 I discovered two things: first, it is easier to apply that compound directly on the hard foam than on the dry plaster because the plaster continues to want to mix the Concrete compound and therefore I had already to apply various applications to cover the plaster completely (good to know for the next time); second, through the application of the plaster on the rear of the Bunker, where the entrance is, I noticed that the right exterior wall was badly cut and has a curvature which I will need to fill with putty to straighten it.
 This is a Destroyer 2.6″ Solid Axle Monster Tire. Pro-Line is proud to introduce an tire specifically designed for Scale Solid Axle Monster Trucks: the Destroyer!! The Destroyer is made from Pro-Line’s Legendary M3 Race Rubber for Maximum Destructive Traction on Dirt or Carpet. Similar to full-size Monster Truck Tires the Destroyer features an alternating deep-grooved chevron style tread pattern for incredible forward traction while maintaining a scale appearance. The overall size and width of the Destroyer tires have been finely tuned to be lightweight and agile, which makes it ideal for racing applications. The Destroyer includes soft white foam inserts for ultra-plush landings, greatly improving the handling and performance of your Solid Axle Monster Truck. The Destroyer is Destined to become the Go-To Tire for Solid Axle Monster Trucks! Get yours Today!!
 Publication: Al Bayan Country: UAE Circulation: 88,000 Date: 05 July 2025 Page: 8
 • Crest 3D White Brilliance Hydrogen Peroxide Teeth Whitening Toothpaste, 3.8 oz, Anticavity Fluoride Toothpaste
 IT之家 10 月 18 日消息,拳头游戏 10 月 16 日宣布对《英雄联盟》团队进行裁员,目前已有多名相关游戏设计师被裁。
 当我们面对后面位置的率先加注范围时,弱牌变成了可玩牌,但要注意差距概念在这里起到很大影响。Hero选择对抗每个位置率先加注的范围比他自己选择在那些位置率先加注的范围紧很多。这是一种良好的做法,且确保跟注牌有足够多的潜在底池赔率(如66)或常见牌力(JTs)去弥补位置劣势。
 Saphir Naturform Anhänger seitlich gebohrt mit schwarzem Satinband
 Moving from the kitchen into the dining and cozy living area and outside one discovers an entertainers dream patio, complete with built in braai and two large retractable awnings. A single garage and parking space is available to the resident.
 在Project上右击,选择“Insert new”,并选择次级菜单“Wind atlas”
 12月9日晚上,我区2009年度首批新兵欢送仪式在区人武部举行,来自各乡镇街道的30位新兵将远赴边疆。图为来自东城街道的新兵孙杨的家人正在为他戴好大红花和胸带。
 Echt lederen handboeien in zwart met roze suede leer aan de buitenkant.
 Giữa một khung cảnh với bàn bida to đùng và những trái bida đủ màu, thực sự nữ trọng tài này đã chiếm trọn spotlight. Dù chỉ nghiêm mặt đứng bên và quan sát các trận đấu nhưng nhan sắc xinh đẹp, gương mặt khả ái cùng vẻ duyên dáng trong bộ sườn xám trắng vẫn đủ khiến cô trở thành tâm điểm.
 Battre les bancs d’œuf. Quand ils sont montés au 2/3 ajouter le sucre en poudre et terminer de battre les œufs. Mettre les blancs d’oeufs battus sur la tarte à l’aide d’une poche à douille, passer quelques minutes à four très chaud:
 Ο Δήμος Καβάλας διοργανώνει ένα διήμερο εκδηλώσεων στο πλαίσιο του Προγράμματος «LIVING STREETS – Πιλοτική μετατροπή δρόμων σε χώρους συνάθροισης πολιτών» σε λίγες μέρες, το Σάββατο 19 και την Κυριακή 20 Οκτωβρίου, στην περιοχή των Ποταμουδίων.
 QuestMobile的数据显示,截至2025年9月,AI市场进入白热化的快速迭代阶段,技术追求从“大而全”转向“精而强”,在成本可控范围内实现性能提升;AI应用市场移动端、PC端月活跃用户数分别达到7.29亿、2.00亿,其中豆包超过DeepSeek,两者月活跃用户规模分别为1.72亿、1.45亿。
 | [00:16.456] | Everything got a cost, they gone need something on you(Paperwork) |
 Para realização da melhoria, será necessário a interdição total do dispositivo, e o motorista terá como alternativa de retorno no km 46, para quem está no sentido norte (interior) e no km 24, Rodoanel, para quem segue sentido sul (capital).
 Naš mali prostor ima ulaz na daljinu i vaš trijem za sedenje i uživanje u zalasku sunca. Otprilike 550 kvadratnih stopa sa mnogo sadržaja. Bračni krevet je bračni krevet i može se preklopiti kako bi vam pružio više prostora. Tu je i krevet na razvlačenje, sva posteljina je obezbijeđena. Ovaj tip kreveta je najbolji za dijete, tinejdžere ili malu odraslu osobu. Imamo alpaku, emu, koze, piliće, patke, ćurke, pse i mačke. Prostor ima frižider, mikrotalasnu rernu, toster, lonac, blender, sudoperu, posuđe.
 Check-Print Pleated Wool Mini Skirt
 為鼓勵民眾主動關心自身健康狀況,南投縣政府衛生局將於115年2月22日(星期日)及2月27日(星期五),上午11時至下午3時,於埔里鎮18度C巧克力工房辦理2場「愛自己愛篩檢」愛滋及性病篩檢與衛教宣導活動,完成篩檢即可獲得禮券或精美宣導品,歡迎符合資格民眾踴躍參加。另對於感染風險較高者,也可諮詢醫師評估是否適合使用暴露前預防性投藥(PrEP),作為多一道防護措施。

##############################

## [Assignment]
Set down the material above again, word for word.

## [Output for this task]
 I discovered two things: first, it is easier to apply that compound directly on the hard foam than on the dry plaster because the plaster continues to want to mix the Concrete compound and therefore I had already to apply various applications to cover the plaster completely (good to know for the next time); second, through the application of the plaster on the rear of the Bunker, where the entrance is, I noticed that the right exterior wall was badly cut and has a curvature which I will need to fill with putty to straighten it.
 This is a Destroyer 2.6″ Solid Axle Monster Tire. Pro-Line is proud to introduce an tire specifically designed for Scale Solid Axle Monster Trucks: the Destroyer!! The Destroyer is made from Pro-Line’s Legendary M3 Race Rubber for Maximum Destructive Traction on Dirt or Carpet. Similar to full-size Monster Truck Tires the Destroyer features an alternating deep-grooved chevron style tread pattern for incredible forward traction while maintaining a scale appearance. The overall size and width of the Destroyer tires have been finely tuned to be lightweight and agile, which makes it ideal for racing applications. The Destroyer includes soft white foam inserts for ultra-plush landings, greatly improving the handling and performance of your Solid Axle Monster Truck. The Destroyer is Destined to become the Go-To Tire for Solid Axle Monster Trucks! Get yours Today!!
 Publication: Al Bayan Country: UAE Circulation: 88,000 Date: 05 July 2025 Page: 8
 • Crest 3D White Brilliance Hydrogen Peroxide Teeth Whitening Toothpaste, 3.8 oz, Anticavity Fluoride Toothpaste
 IT之家 10 月 18 日消息,拳头游戏 10 月 16 日宣布对《英雄联盟》团队进行裁员,目前已有多名相关游戏设计师被裁。
 当我们面对后面位置的率先加注范围时,弱牌变成了可玩牌,但要注意差距概念在这里起到很大影响。Hero选择对抗每个位置率先加注的范围比他自己选择在那些位置率先加注的范围紧很多。这是一种良好的做法,且确保跟注牌有足够多的潜在底池赔率(如66)或常见牌力(JTs)去弥补位置劣势。
 Saphir Naturform Anhänger seitlich gebohrt mit schwarzem Satinband
 Moving from the kitchen into the dining and cozy living area and outside one discovers an entertainers dream patio, complete with built in braai and two large retractable awnings. A single garage and parking space is available to the resident.
 在Project上右击,选择“Insert new”,并选择次级菜单“Wind atlas”
 12月9日晚上,我区2009年度首批新兵欢送仪式在区人武部举行,来自各乡镇街道的30位新兵将远赴边疆。图为来自东城街道的新兵孙杨的家人正在为他戴好大红花和胸带。
 Echt lederen handboeien in zwart met roze suede leer aan de buitenkant.
 Giữa một khung cảnh với bàn bida to đùng và những trái bida đủ màu, thực sự nữ trọng tài này đã chiếm trọn spotlight. Dù chỉ nghiêm mặt đứng bên và quan sát các trận đấu nhưng nhan sắc xinh đẹp, gương mặt khả ái cùng vẻ duyên dáng trong bộ sườn xám trắng vẫn đủ khiến cô trở thành tâm điểm.
 Battre les bancs d’œuf. Quand ils sont montés au 2/3 ajouter le sucre en poudre et terminer de battre les œufs. Mettre les blancs d’oeufs battus sur la tarte à l’aide d’une poche à douille, passer quelques minutes à four très chaud:
 Ο Δήμος Καβάλας διοργανώνει ένα διήμερο εκδηλώσεων στο πλαίσιο του Προγράμματος «LIVING STREETS – Πιλοτική μετατροπή δρόμων σε χώρους συνάθροισης πολιτών» σε λίγες μέρες, το Σάββατο 19 και την Κυριακή 20 Οκτωβρίου, στην περιοχή των Ποταμουδίων.
 QuestMobile的数据显示,截至2025年9月,AI市场进入白热化的快速迭代阶段,技术追求从“大而全”转向“精而强”,在成本可控范围内实现性能提升;AI应用市场移动端、PC端月活跃用户数分别达到7.29亿、2.00亿,其中豆包超过DeepSeek,两者月活跃用户规模分别为1.72亿、1.45亿。
 | [00:16.456] | Everything got a cost, they gone need something on you(Paperwork) |
 Para realização da melhoria, será necessário a interdição total do dispositivo, e o motorista terá como alternativa de retorno no km 46, para quem está no sentido norte (interior) e no km 24, Rodoanel, para quem segue sentido sul (capital).
 Naš mali prostor ima ulaz na daljinu i vaš trijem za sedenje i uživanje u zalasku sunca. Otprilike 550 kvadratnih stopa sa mnogo sadržaja. Bračni krevet je bračni krevet i može se preklopiti kako bi vam pružio više prostora. Tu je i krevet na razvlačenje, sva posteljina je obezbijeđena. Ovaj tip kreveta je najbolji za dijete, tinejdžere ili malu odraslu osobu. Imamo alpaku, emu, koze, piliće, patke, ćurke, pse i mačke. Prostor ima frižider, mikrotalasnu rernu, toster, lonac, blender, sudoperu, posuđe.
 Check-Print Pleated Wool Mini Skirt
 為鼓勵民眾主動關心自身健康狀況,南投縣政府衛生局將於115年2月22日(星期日)及2月27日(星期五),上午11時至下午3時,於埔里鎮18度C巧克力工房辦理2場「愛自己愛篩檢」愛滋及性病篩檢與衛教宣導活動,完成篩檢即可獲得禮券或精美宣導品,歡迎符合資格民眾踴躍參加。另對於感染風險較高者,也可諮詢醫師評估是否適合使用暴露前預防性投藥(PrEP),作為多一道防護措施。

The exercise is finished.